Nowhere is this expansion of the market more publicly evident than in the development of Sotheby’s Chinese contemporary art sales in Hong Kong or in the Pan-Asian (primarily Chinese) contemporary art sales in New York. Sotheby’s held its first Chinese contemporary art sale in Hong Kong in October 2004: between that and its third sale a year later, the total value of lots sold more than tripled, from USD $2,950,712 (HK $22,955,600) to USD $9,019,398 (HK $69,961,201); the total for spring 2006 was USD $16,995,902, an 88% increase from the previous fall. Sotheby’s sales in Hong Kong have continued to advance impressively, with the most recent sale, on October 7, 2007, grossing a whopping USD $34,240,517 (HK $265,583,250), which more than triples the results from the same sale in 2005. Following the April 2006 Hong Kong sale, the twice-yearly event was split into two sessions, one focusing on high-value but less widely followed modern art, the other on contemporary art. For the appropriate comparison with 2005, then, one needs to add the now-modest USD $8,314,034 (HK $64,487,000) realized in the modern session. From the underdeveloped USD $2.95 million market of October 2004, contemporary Chinese art has grown into what must be the most extraordinary story of the art market in decades, with a “same-sale” total three years later of USD $42,554,551—more than a fourteen-fold increase.

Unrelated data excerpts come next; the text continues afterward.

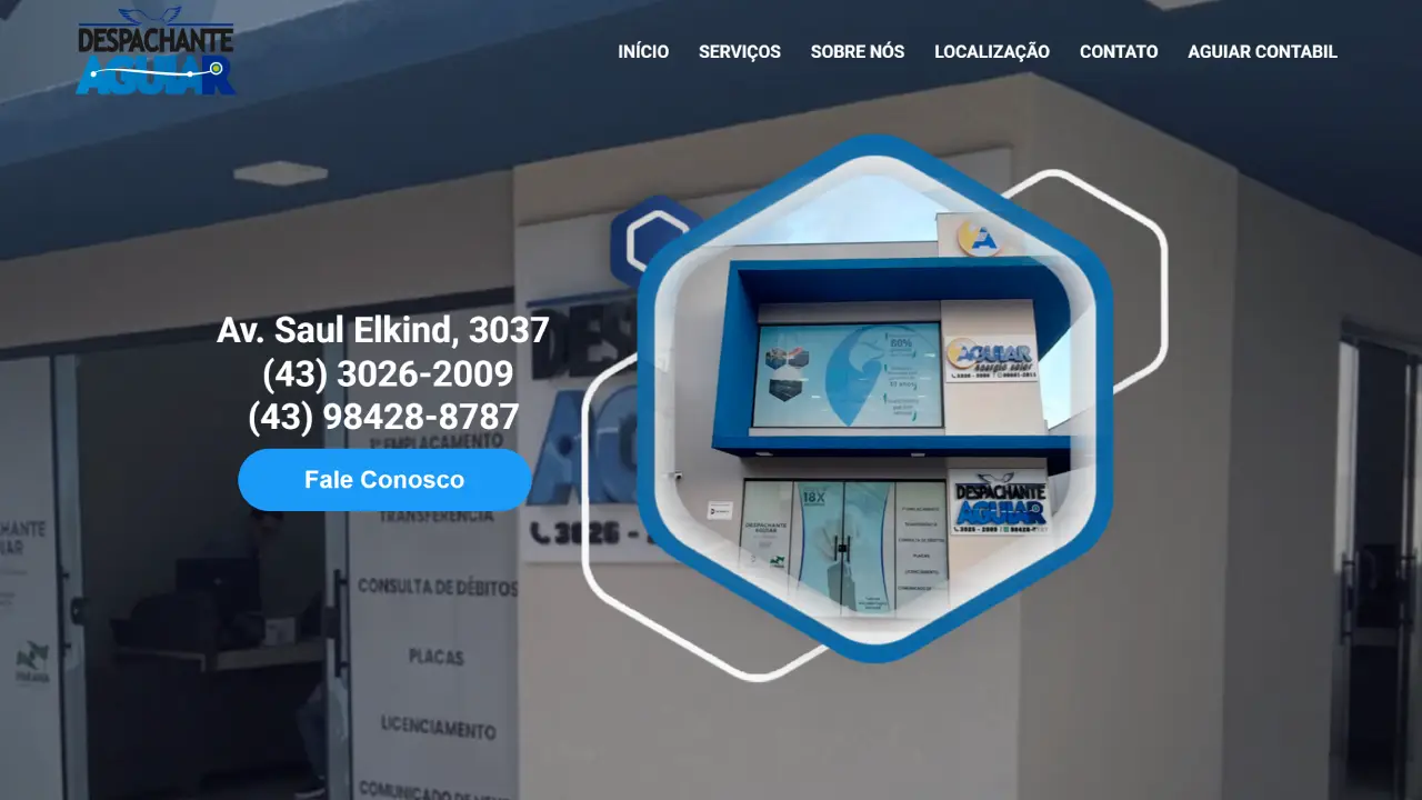 Site institucional para o Despachante Aguiar, com design em azul e branco, transmitindo confiança e clareza. Estrutura simples, serviços destacados e foco em agilidade e credibilidade no atendimento.
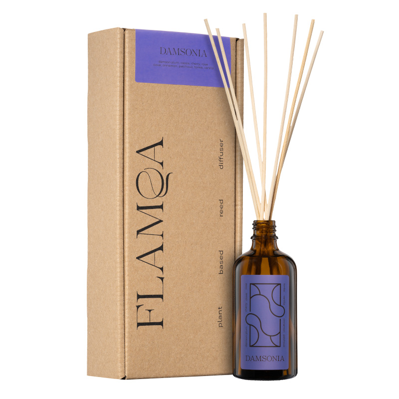 Damsonia Diffuser to doskonały dyfuzor na lato. Łączy w sobie świeżość i owocową słodkość. Na ten wielowymiarowy bukiet składają się śliwka damson, czarna porzeczka i wiśnia występujące w nutach górnych. Róża, goździk, cynamon są nutami serca, a paczula, tonka i wanilia to nuty bazowe.
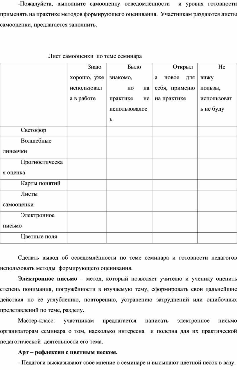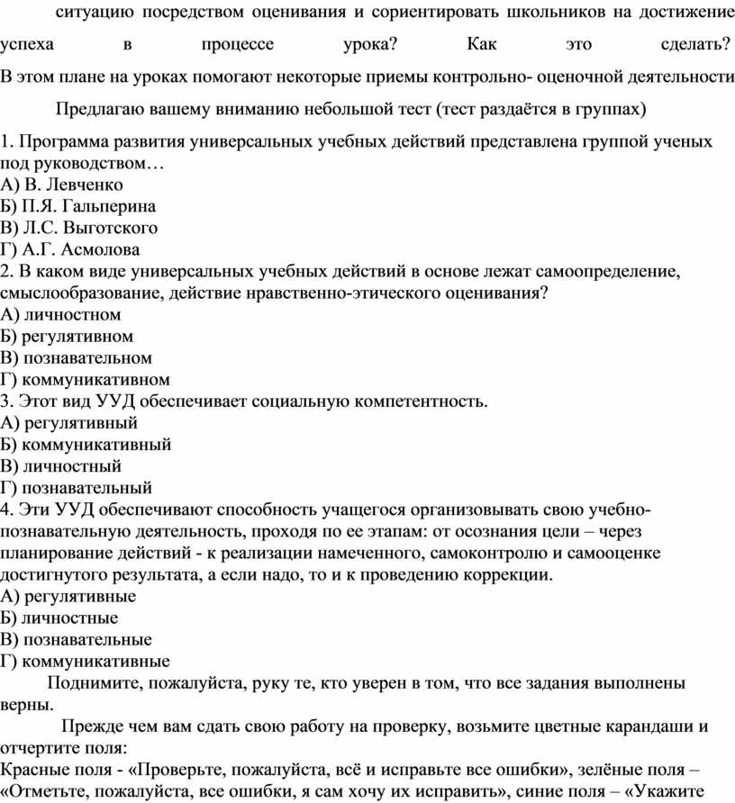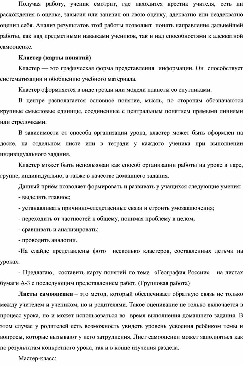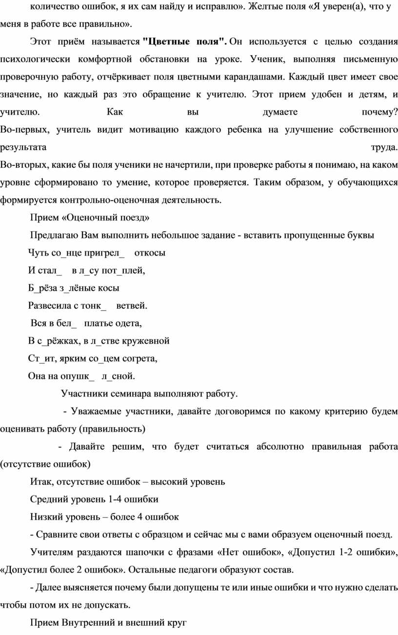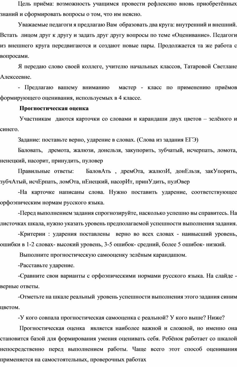 6. Мастер – класс на тему «Педагогические приёмы формирования контрольно - оценочной деятельности учащихся начальной школы»
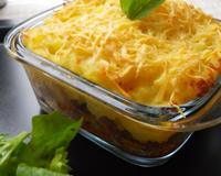 Mettez la viande hachée dans un plat à gratin ou des petits plats individuels) puis recouvrez de purée. Saupoudrez de fromage râpé et enfournez pour 10 minutes. Une fois ce temps écoulé, passez votre four en mode grill et laissez encore 5 minutes pour bien gratiner le fromage. Servez accompagné de salade verte.
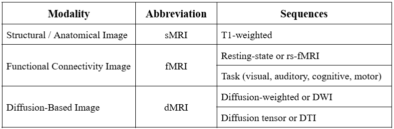 In this stage, images are processed for motion correction, denoising, smoothing, modulation, and alignment between modalities . Each MRI sequence (e.g. T1-weighted, resting) can be classified by a certain MRI modality as shown in the table below.
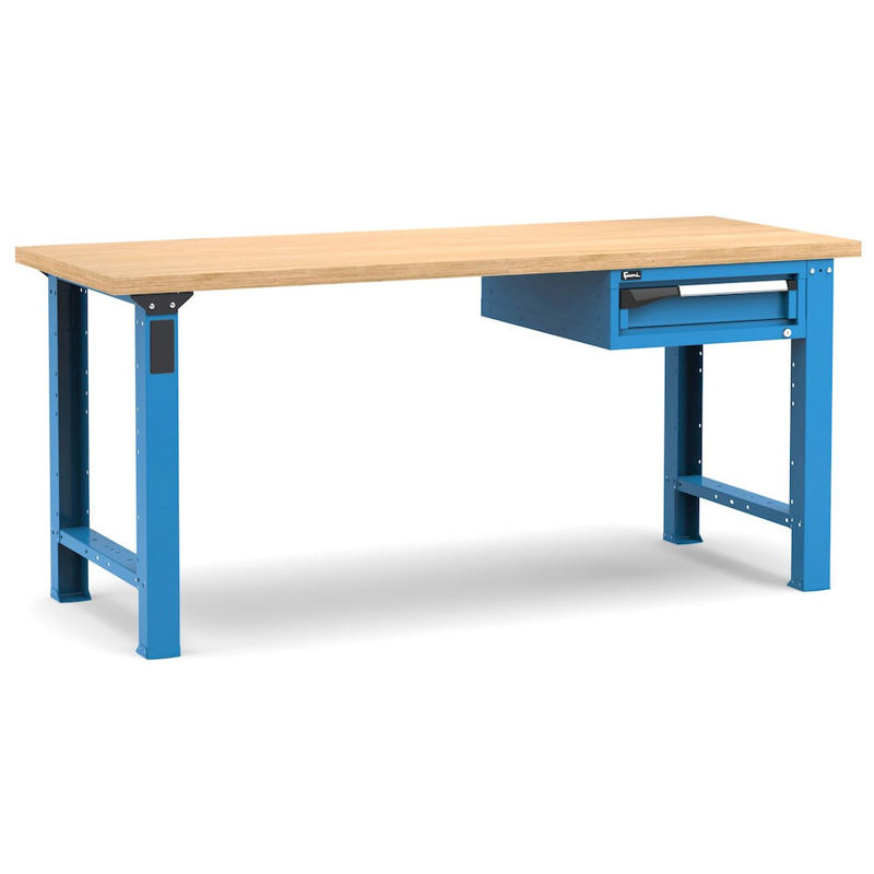 Banco de trabajo azul Fami Master 200cm con tapa de madera y cajón
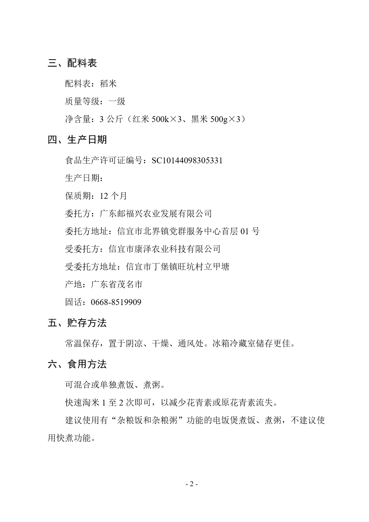 | 邮福兴红米黑米 | “信”字号 | 邮福兴 | 信宜市北界镇 | 信宜市粤百盛农业有限公司 | 钟生 |
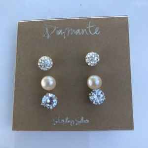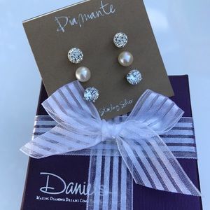New 3 pcs set of earrings Dimonte by Daniels Jewelers. MSRP $64.95. All the post are sterling silver. 1st round Crystal 6mm bead, 2nd fresh water pearls and the 3rd square cubic zirconia. These are brand new, never worn, not even to try on. I just have a bad habit of buying jewelry and never using them 😊
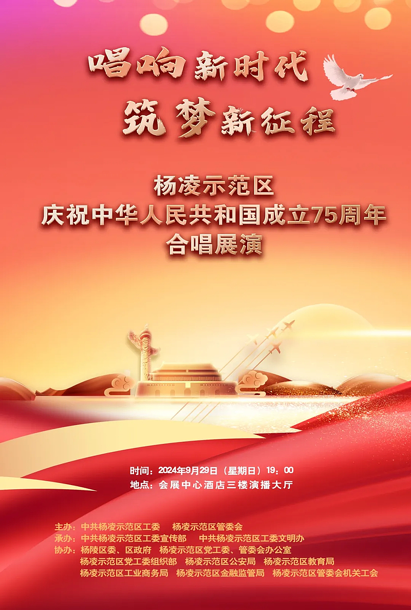 七十五载风雨兼程,七十五载波澜壮阔。在举国欢庆中华人民共和国成立七十五周年之际,杨凌示范区庆祝中华人民共和国成立75周年合唱展演活动,将于9月29日19:00在杨凌会展中心酒店三楼演播大厅举办。
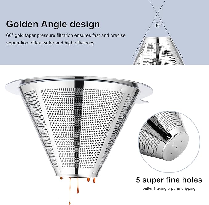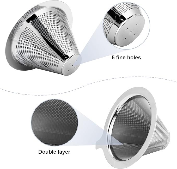 - 800 mesh super fine mesh locks richer coffee flavor.bottom 5 fine holes.wait for the pour over filter to drip out,So that the coffee nature flavour is reserved,without any other smell.

But if the goings-on in Hong Kong demonstrate the public market’s development from infancy to maturity, the sales in New York represent the debutante’s coming-out party. With the launch of a Chinese contemporary art department in New York in 2005, Sotheby’s held its first pan-Asian contemporary sale on March 31, 2006—a landmark event given its introduction of the category of Asian art in a major Western market venue. The sale grossed USD $13,228,960, improving Hong Kong’s total from the previous fall and no doubt adding momentum to the eastern port city’s spring sale only one week later. With 245 lots offered at the New York sale, 89.1% of them sold, yielding an average price per work sold of $60,132. As in Hong Kong, the first New York sale—less than two years ago, though we seem to have advanced a decade since—was a momentary benchmark for future development. The September 2007 sale in New York grossed USD $38,446,975, with 275 lots offered and 81.8% of them sold; the average price per work sold climbed to $170,875, a 184% increase over March 2006. The September sale total was a 191% increase over the first sale in New York, in March 2006.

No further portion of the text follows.